United Methodist bishops must be accountable not only to United Methodists in their areas but also to the full Council of Bishops, asserted the council’s new president.
Bishop Warner Brown Jr. concluded his first address as the body’s president by asking his fellow episcopal leaders to affirm the vows they took when they were consecrated as bishops. The bishops stood in unison to show their assent.
Brown, who also leads the San Francisco Area, spoke to a group that included 64 active and 43 retired bishops from around the globe. The council is meeting this week as the denomination is struggling with declining U.S. membership, deep divisions regarding homosexuality, and questions of what it means for church leaders to be accountable.

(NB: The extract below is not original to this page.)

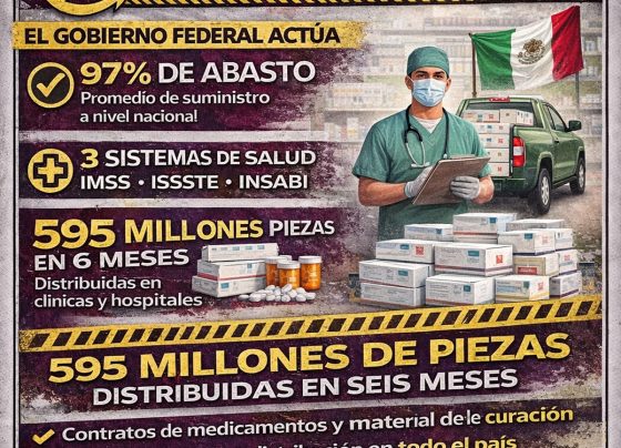 “El gobierno de la presidenta Claudia Sheinbaum reportó un avance del 97% en el abasto de medicamentos en las tres…

A group of United Methodists has argued that the church should split unless clergy who violate the denomination’s ban on same-gender weddings are held accountable. That includes bishops.
Holding each other accountable
Brown offered a broad understanding of how bishops should work together, including “not a looking over one another’s shoulder to second guess” each other.
“It is an accountability focused on the mission of the church to make disciples of Jesus Christ for the transformation of the world,” he said. “Being mutually accountable requires intentional collaboration. We will need to stay engaged with one another long enough to trust each other.”
For years, bishops have discussed how they can hold each other accountable for effectiveness in ministry. Many of those discussions have focused on how they can help each other increase the number of vital United Methodist congregations and nurture both love of God and love of neighbor.
Before the 2012 General Conference, the council approved a motion to have its executive committee develop measures for accountability.
Charlotte (North Carolina) Area Bishop Larry M. Goodpaster, who leads the council's accountability task force, gave the bishops an update Monday afternoon on that work. He invited bishops to send their input on what should be part of a code of conduct. To start the conversation, Goodpaster shared with small groups some common courtesies that bishops can agree to follow, such as responding to email and calls promptly.
"We realize this is low-hanging fruit," Goodpaster said. "How do we go deeper? And then, what happens when someone does not do what we wrote down? What are the consequences?"
The effort remains a work in progress.
In his address, Brown said his role as president is “to help us be an effective leadership organization.”
“The challenge is for us to come together on that which we agree is most important and lead together in a cooperative way,” he said. “In other words, we must speak as pastors to the church and keep the Wesleyan spirit.”
Accountability and sexuality debate
Brown’s address also came almost a year after the council’s last meeting when a majority of active bishops requested a formal complaint be filed against retired Bishop Melvin G. Talbert after he officiated at a same-gender blessing in violation of church law.
Talbert stood with all other bishops to reaffirm his vows. He and Brown are both part of the Western Jurisdiction, which is now handling the complaint. Before his retirement, Talbert led the California-Nevada Conference as Brown does now.
Talbert said Brown gave a good address, and added that he believes he has personally lived "an accountable life."
The dispute remains a difficult one for bishops. After lunch, the bishops convened in a closed-door session to discuss human sexuality.
Like the church members they lead, the bishops have differing perspectives on homosexuality and what the Bible says about it. No matter their stance, bishops are tasked with providing “leadership toward the goal of understanding, reconciliation and unity within the Church.”
Brown cited a survey by United Methodist Communications that found church members overwhelmingly do not want a split.
He told his fellow bishops that as leaders of a church as “diverse as ours, we need to let people know we hear them.” That includes people in the majority and the minority, he said.
Other bishops praise speech
Retired Bishop Violet Fisher said Brown delivered a powerful message the bishops need “right now.”
Zimbabwe Area Bishop Eben K. Nhiwatiwa agreed.
“What the church is facing right now is that we need leaders of encouragement, leaders who know leadership means addressing very hard issues, not evading them,” Nhiwatiwa said. He was hopeful Brown could provide that kind of leadership.
San Antonio Area Bishop James E. Dorff said he was particularly moved by Brown’s request that bishops reaffirm their commitment “because that is where our accountability lies.”
As his fellow bishops stood, Brown prayed over them.
“Gracious God, look in mercy on these your servants,” he said. “Replenish them with holiness and life, and fill them with the power of the Holy Spirit. Yes, fill us, so that both by word and by deed we may serve you faithfully and joyously.”